What makes this dish unique is the use of whole grain mustard to dress the vegetables. After being roasted, the mustard seeds become deeply caramelized or charred and create the most delicious crunch.
- ¼ cup whole grain mustard
- ½ tablespoon white wine or champagne vinegar
- ¾ teaspoon salt
- 2 tablespoons olive oil (and more for the pan)
- 5 small beets, cut into eighths
- 1 large red onion, cut into thick crescents
- 2 tablespoons tarragon, roughly chopped (and more for garnish)
Preheat the oven to 500 degrees. Put a drop of olive oil on a rimmed baking sheet and place in the oven, while it preheats.

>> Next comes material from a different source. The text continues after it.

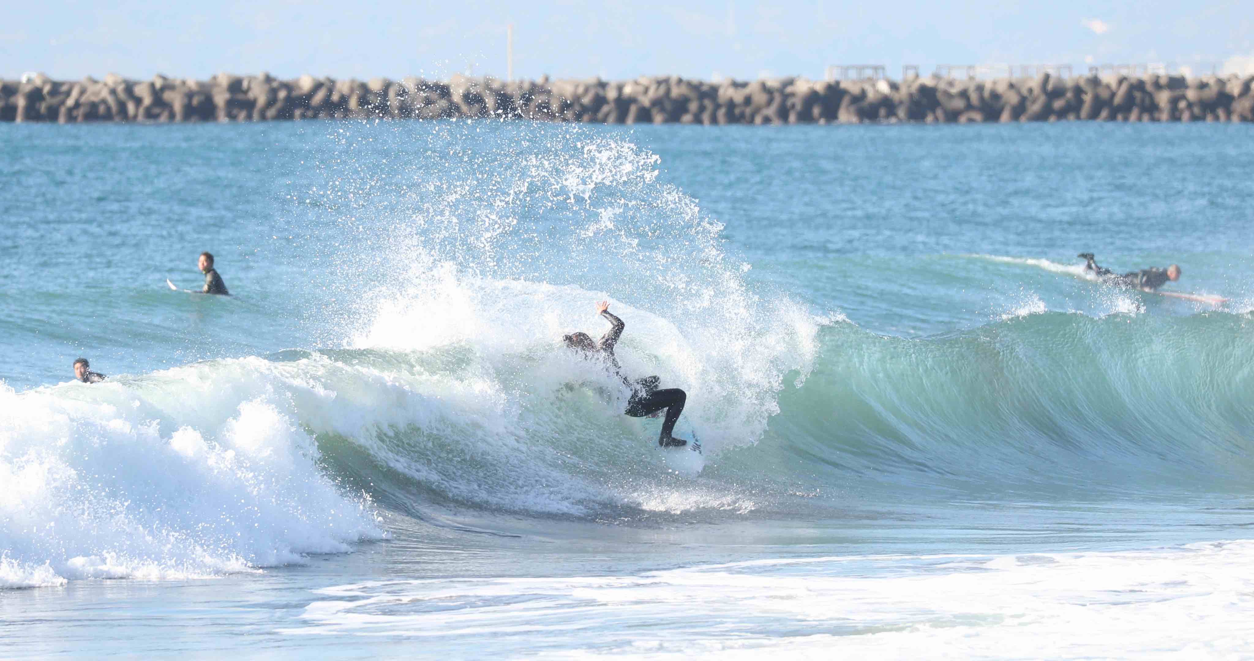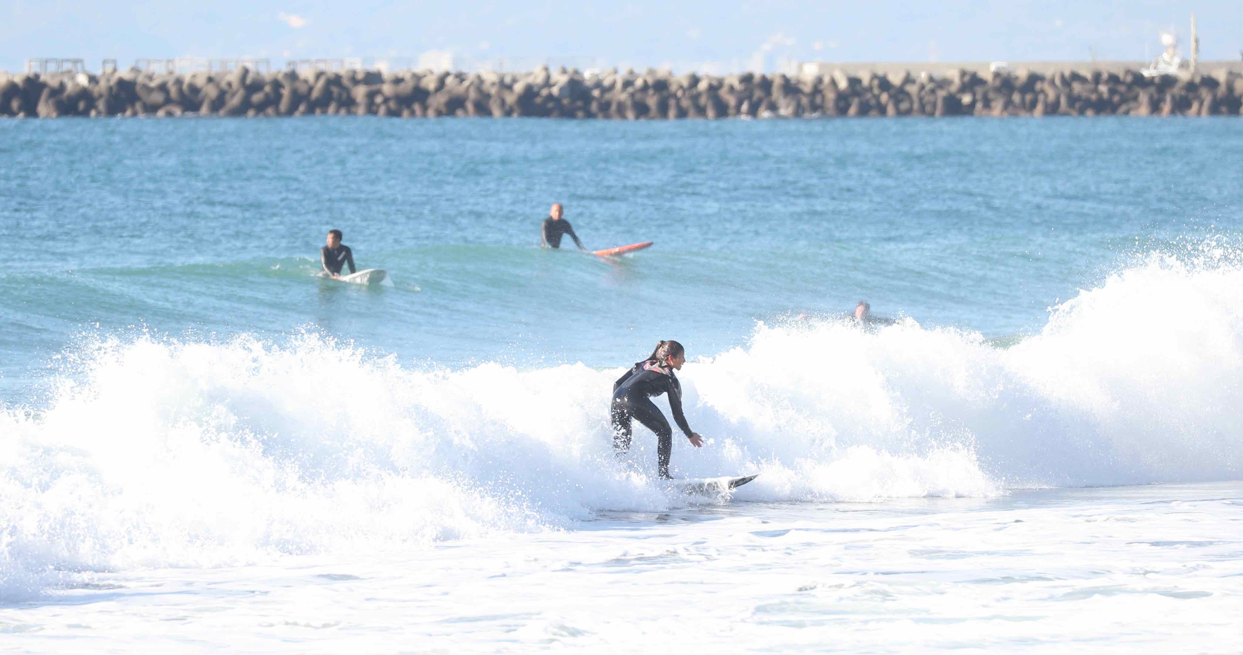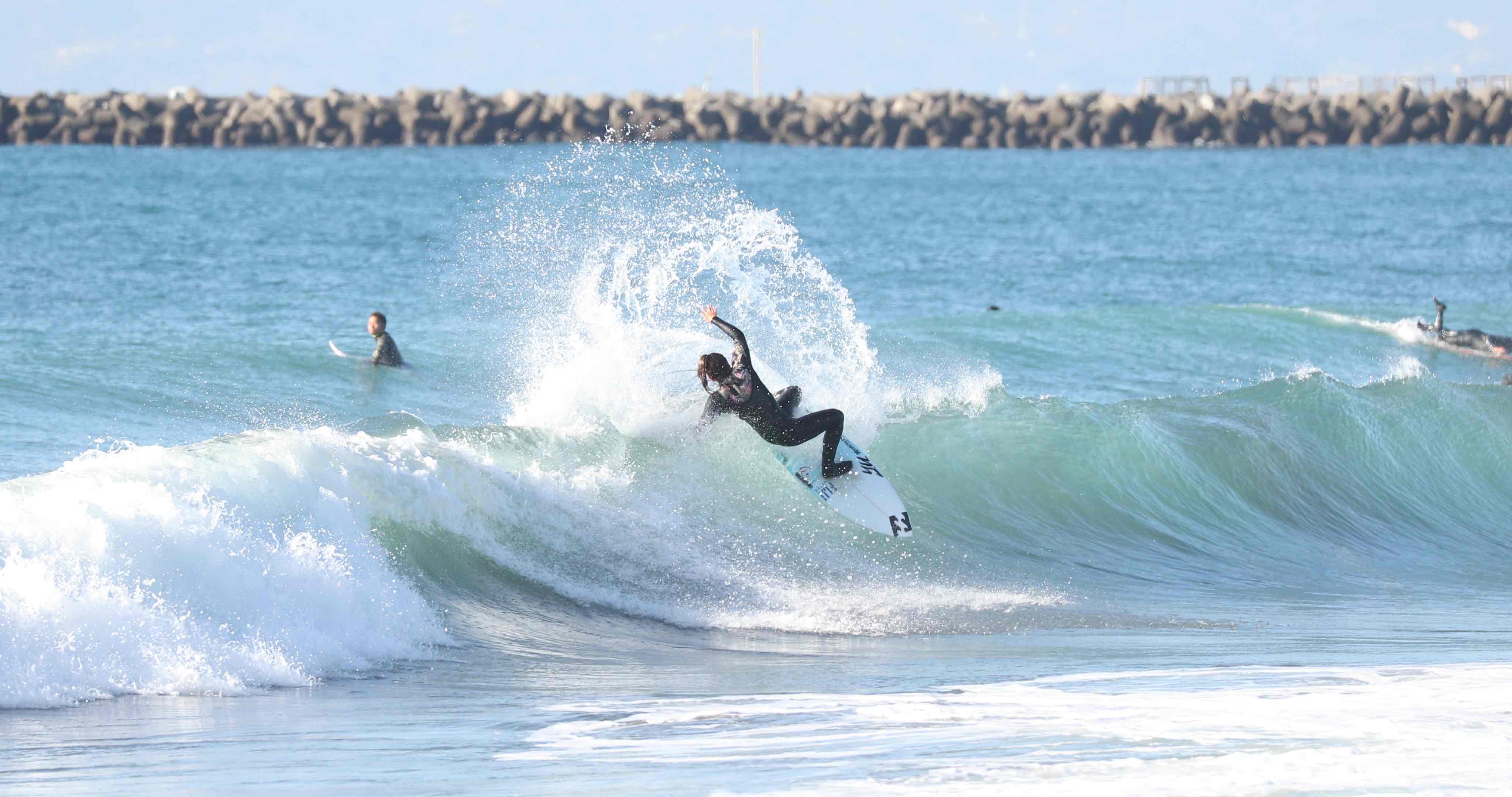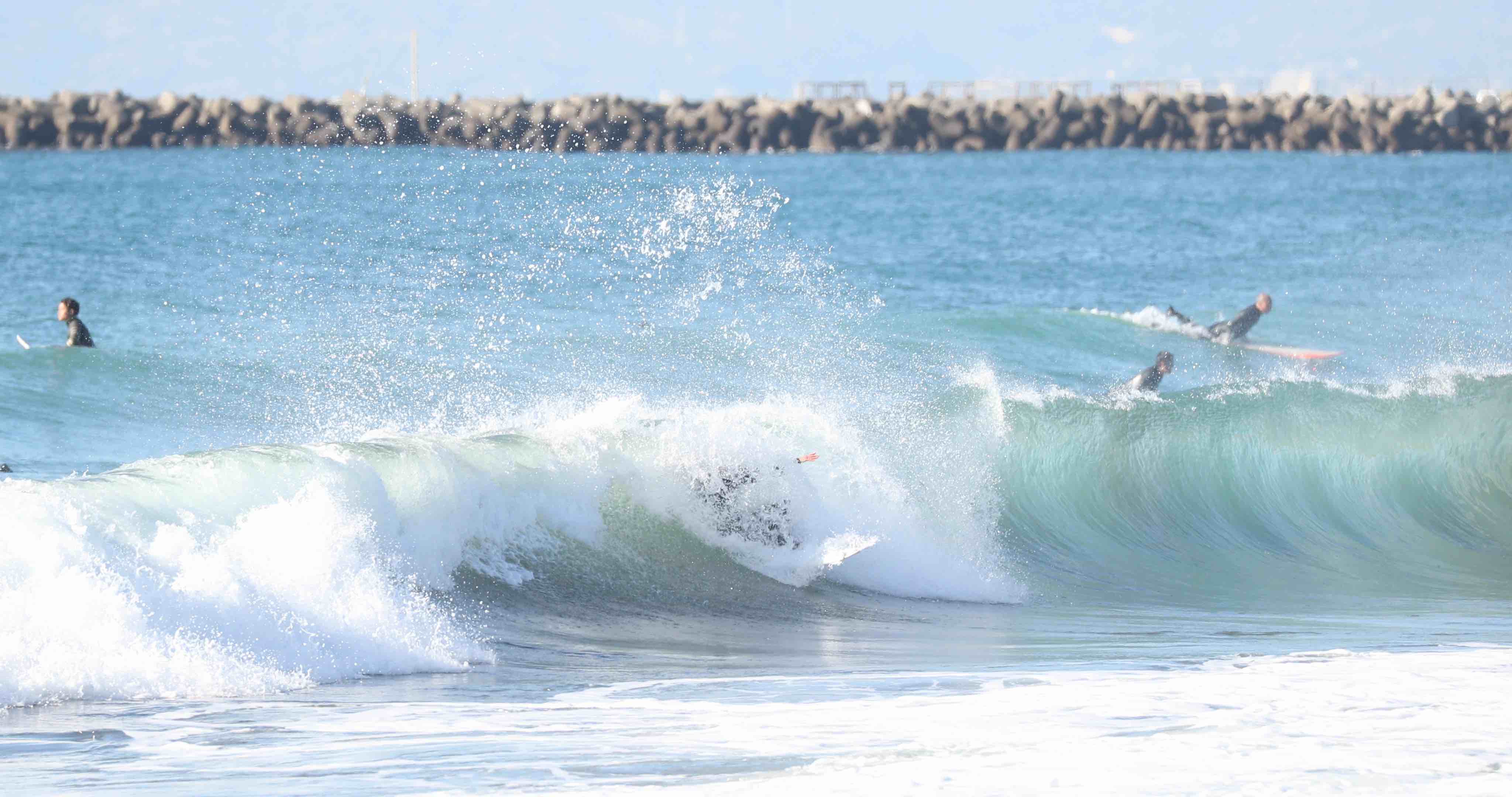 西高東低の気圧配置により、南西のオンショアによって連日サイズのある波をキープし、風が変わるタイミングを狙えばグッドコンディションにも恵まれた湘南エリア。

In an empty jar, combine the mustard, vinegar, salt, and olive oil, and shake vigorously until combined. Place the beets, onions, and tarragon in a large bowl. Pour in the dressing, and mix everything together with clean hands. Remove the hot baking sheet from the oven, and carefully pour the vegetables into a single layer. (Do not overcrowd the pan, as this will limit carmelization.)
Roast the vegetables at 500 degrees for 15 minutes, flip the vegetables, then reduce the temperature to 375 degrees, and cook for another 30-40 minutes until browned and tender. Garnish with additional fresh tarragon.